**INPUT DATA**
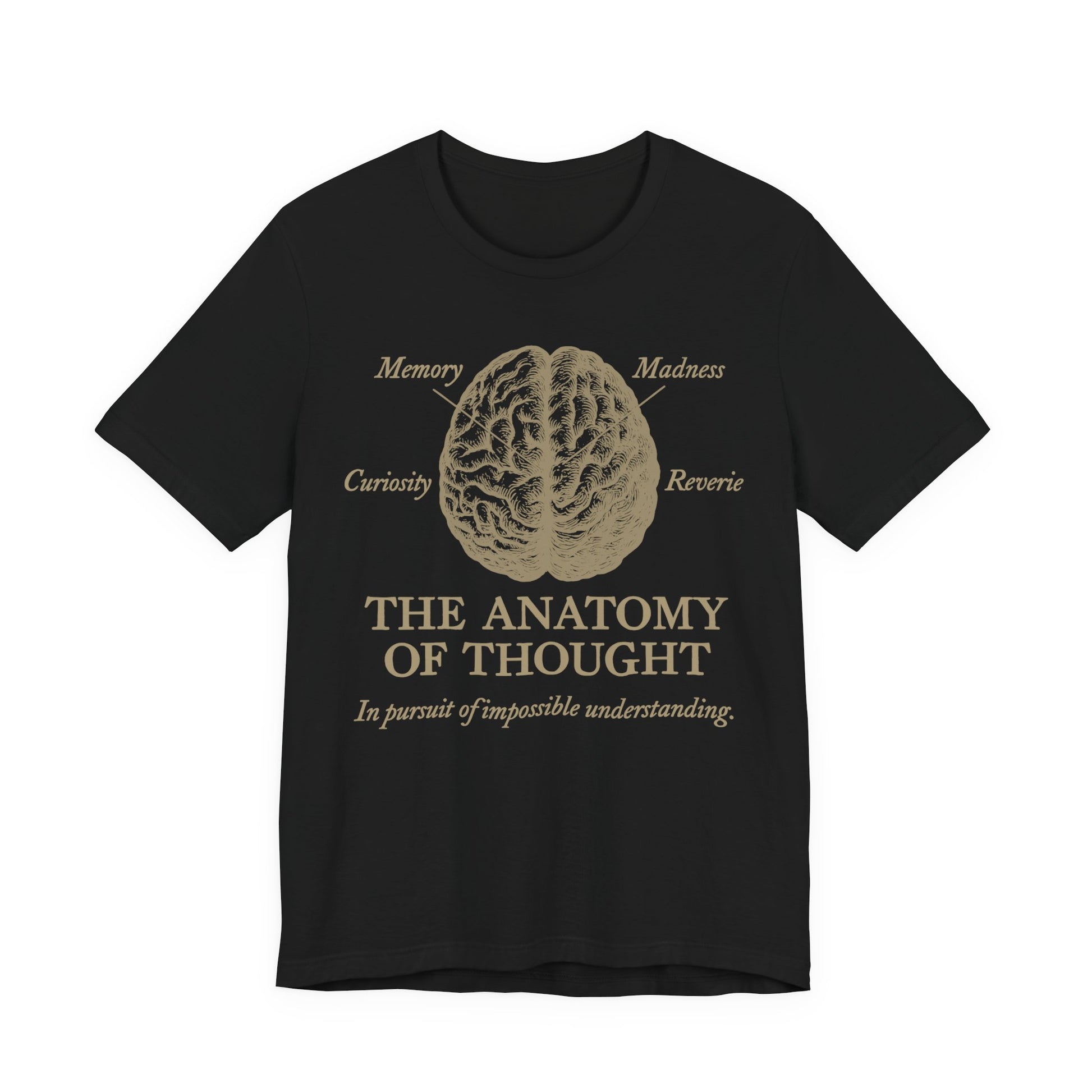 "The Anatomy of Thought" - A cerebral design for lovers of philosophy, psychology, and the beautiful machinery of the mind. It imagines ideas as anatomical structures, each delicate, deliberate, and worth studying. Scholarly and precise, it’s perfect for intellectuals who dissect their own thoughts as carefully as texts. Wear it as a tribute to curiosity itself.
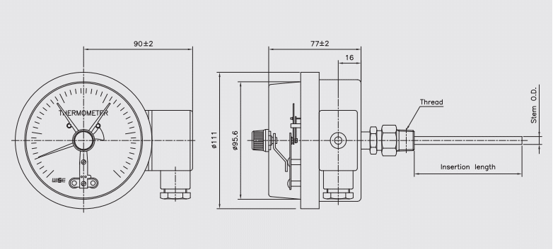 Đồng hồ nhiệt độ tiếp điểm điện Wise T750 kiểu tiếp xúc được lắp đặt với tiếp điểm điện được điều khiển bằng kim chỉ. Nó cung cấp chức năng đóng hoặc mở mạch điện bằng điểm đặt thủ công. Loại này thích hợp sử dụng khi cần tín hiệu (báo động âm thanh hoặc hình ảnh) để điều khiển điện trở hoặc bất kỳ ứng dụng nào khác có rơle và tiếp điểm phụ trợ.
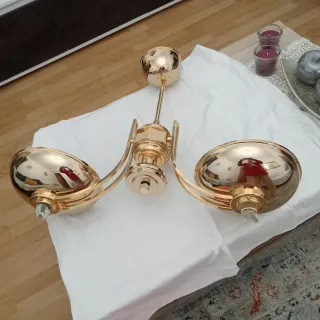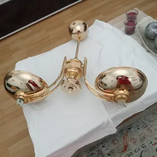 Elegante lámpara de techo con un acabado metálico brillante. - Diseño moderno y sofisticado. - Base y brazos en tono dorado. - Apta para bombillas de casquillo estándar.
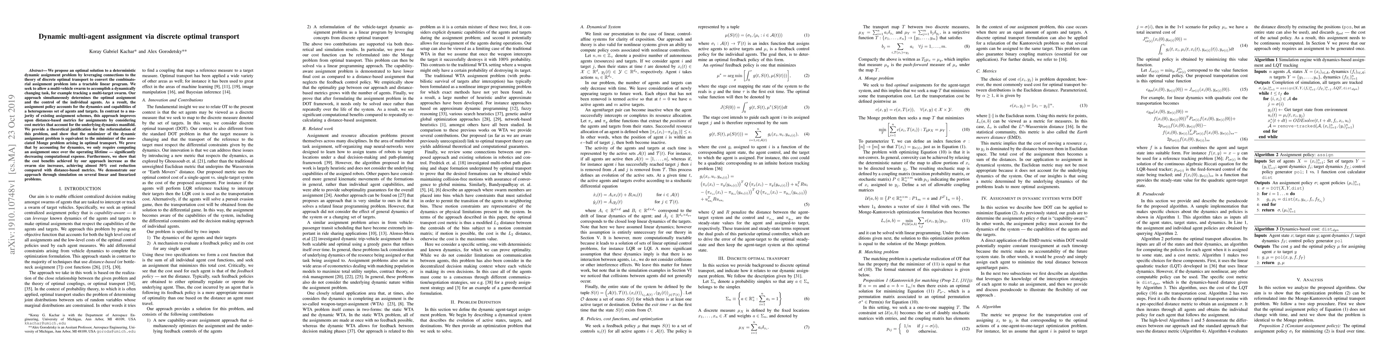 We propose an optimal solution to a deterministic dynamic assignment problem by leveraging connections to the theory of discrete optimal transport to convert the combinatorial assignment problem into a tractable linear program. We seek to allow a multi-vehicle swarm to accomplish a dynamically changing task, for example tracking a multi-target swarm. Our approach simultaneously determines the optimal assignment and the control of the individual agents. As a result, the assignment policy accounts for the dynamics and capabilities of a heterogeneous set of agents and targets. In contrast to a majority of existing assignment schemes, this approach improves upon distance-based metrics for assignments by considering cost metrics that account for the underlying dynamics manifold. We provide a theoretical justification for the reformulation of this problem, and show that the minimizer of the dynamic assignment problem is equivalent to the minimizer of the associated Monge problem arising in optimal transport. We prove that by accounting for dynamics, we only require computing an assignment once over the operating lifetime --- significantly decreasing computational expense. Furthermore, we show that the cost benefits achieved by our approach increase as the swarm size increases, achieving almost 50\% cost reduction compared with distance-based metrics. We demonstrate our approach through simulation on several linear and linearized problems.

**EXERCISE DIRECTIONS**
Give the data again exactly as written, with all pictures left out.

**ANSWER TO THE PROBLEM**
 "The Anatomy of Thought" - A cerebral design for lovers of philosophy, psychology, and the beautiful machinery of the mind. It imagines ideas as anatomical structures, each delicate, deliberate, and worth studying. Scholarly and precise, it’s perfect for intellectuals who dissect their own thoughts as carefully as texts. Wear it as a tribute to curiosity itself.
 Đồng hồ nhiệt độ tiếp điểm điện Wise T750 kiểu tiếp xúc được lắp đặt với tiếp điểm điện được điều khiển bằng kim chỉ. Nó cung cấp chức năng đóng hoặc mở mạch điện bằng điểm đặt thủ công. Loại này thích hợp sử dụng khi cần tín hiệu (báo động âm thanh hoặc hình ảnh) để điều khiển điện trở hoặc bất kỳ ứng dụng nào khác có rơle và tiếp điểm phụ trợ.
 Elegante lámpara de techo con un acabado metálico brillante. - Diseño moderno y sofisticado. - Base y brazos en tono dorado. - Apta para bombillas de casquillo estándar.
 We propose an optimal solution to a deterministic dynamic assignment problem by leveraging connections to the theory of discrete optimal transport to convert the combinatorial assignment problem into a tractable linear program. We seek to allow a multi-vehicle swarm to accomplish a dynamically changing task, for example tracking a multi-target swarm. Our approach simultaneously determines the optimal assignment and the control of the individual agents. As a result, the assignment policy accounts for the dynamics and capabilities of a heterogeneous set of agents and targets. In contrast to a majority of existing assignment schemes, this approach improves upon distance-based metrics for assignments by considering cost metrics that account for the underlying dynamics manifold. We provide a theoretical justification for the reformulation of this problem, and show that the minimizer of the dynamic assignment problem is equivalent to the minimizer of the associated Monge problem arising in optimal transport. We prove that by accounting for dynamics, we only require computing an assignment once over the operating lifetime --- significantly decreasing computational expense. Furthermore, we show that the cost benefits achieved by our approach increase as the swarm size increases, achieving almost 50\% cost reduction compared with distance-based metrics. We demonstrate our approach through simulation on several linear and linearized problems.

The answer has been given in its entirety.